A limitation of this study was that the observation/interview data was not collected concurrently to the self-report; that is, none of the players self-administered the TPF-SR for the same tournament used for the observation/interviews. This disconnect may have reduced the accuracy of any direct comparisons between the two measures as differences in the agreement reflect rather than the endorsement associated with specific items. Future studies should look to investigate the TPF-SR using direct comparisons between measures over longitudinal periods. Work to further assess the measurement properties of the TPF-SR is also warranted. For instance, if players of higher ability levels were found to perform more items or specific items from the TPF-SR than their lower-level counterparts, it could support the instrument’s discriminative validity. Combined with this study’s findings, such information could provide a complete picture of construct validity for the TPF-SR instrument. To improve the validity of information regarding the preparatory behaviours of sports performers for research and practice, it may also be beneficial to investigate the application and feasibility of developing technologies such as wearable sensors or real-time behavioural monitoring.
Conclusions
The TPF-SR instrument displays initial evidence of convergent validity and can be self-administered by players to record pre- and within-tournament behaviours. The instrument encompasses a variety of task-specific and self-regulatory items and could be used to improve player’s awareness of preparatory behaviours and to promote adaptive self-regulatory behaviours (i.e., reflecting upon performance, self-monitoring, etc.).
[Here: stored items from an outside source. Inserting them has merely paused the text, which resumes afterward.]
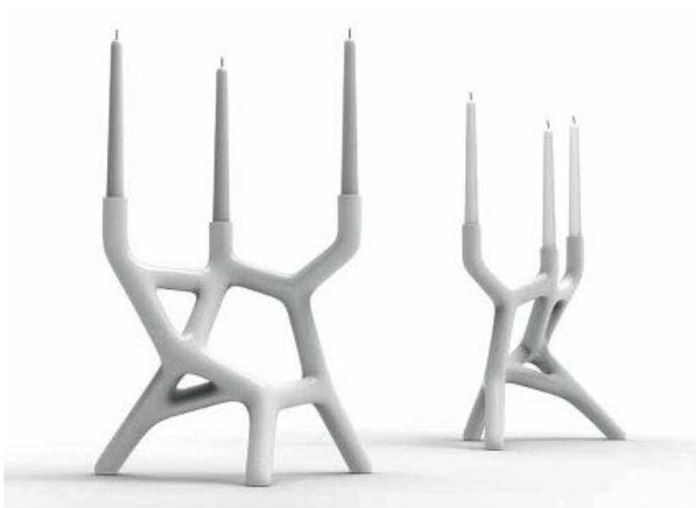
Designer: Cedric Ragot Title: CORAL CANDELIERE Color: Bianco Lucido Size: 34 x 21 x 36 cm (HxPxL) Edition: 255 $490 SPECIAL OFFER: $400
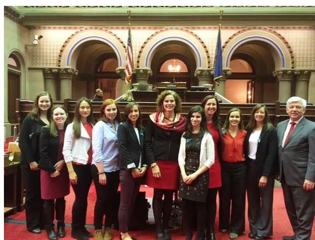
Lobbying Albany for Protections against Eating Disorders
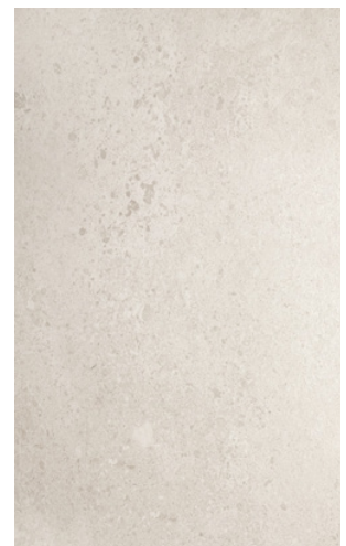
Stone Bianco Lasa
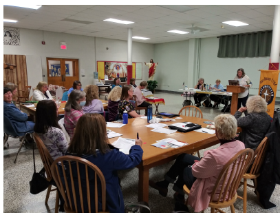
Photos from our new location

In October, the Columbiettes were attending the Life Chain Rally on the Green in Newton, which was a rally to Save Unborn Children. At the conclusion of the rally a rosary was should by all in attendance.
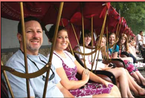
Spartanburg High School Symphony Orchestra students on a rickshaw tour in Beijing
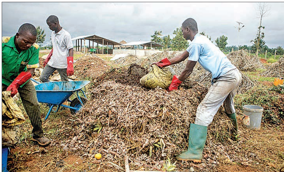
The facility processes around six tonnes of organic waste every week, turning it into 200 cubic metres of biogas.

The centre, which opened late last year, also plans to produce around 400 tonnes of organic fertiliser per year.
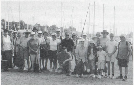
The family walk group photo
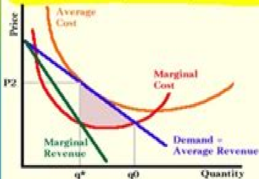
The model of monopolistic competition
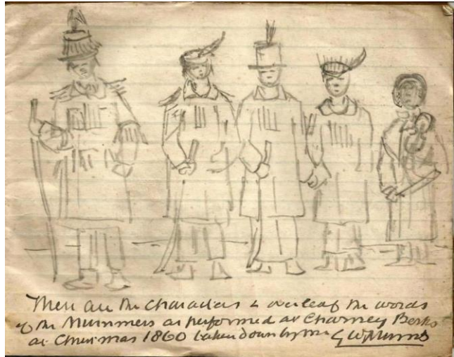
Contemporary sketch of the Mummers

Further, it provides an instrument for future studies to examine the tournament preparation behaviours of players of different ability levels. These findings also offer conceptual support/guidance for research that may investigate similar constructs or develop self-report versions of established frameworks. Evaluating other measurement properties, such as discriminant validity by comparing the TPF-SR instrument’s ability to discriminate between players of different ability levels, is an obvious next step for future work in this area.